Everything in the listing below must be set down again exactly, apart from the pictures.

Data extract

====================

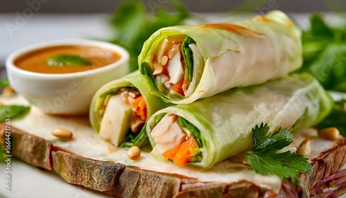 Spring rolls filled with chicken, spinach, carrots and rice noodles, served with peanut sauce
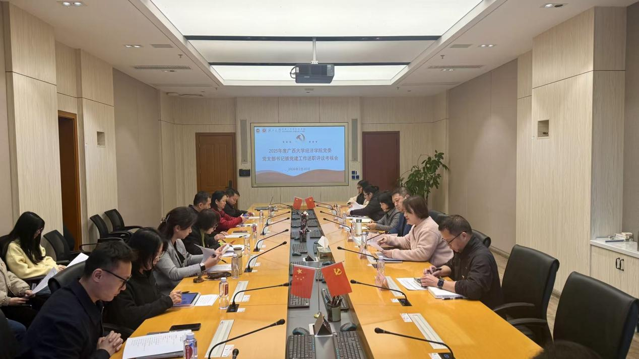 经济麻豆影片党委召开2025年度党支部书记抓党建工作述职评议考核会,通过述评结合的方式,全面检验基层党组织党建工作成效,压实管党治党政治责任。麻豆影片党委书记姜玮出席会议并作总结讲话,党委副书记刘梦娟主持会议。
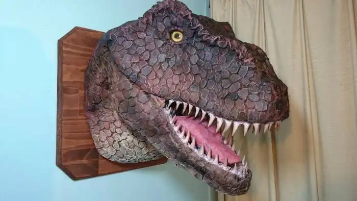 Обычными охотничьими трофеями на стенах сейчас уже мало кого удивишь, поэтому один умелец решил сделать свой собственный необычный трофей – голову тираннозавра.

====================

Response to the exercise
 Spring rolls filled with chicken, spinach, carrots and rice noodles, served with peanut sauce
 经济麻豆影片党委召开2025年度党支部书记抓党建工作述职评议考核会,通过述评结合的方式,全面检验基层党组织党建工作成效,压实管党治党政治责任。麻豆影片党委书记姜玮出席会议并作总结讲话,党委副书记刘梦娟主持会议。
 Обычными охотничьими трофеями на стенах сейчас уже мало кого удивишь, поэтому один умелец решил сделать свой собственный необычный трофей – голову тираннозавра.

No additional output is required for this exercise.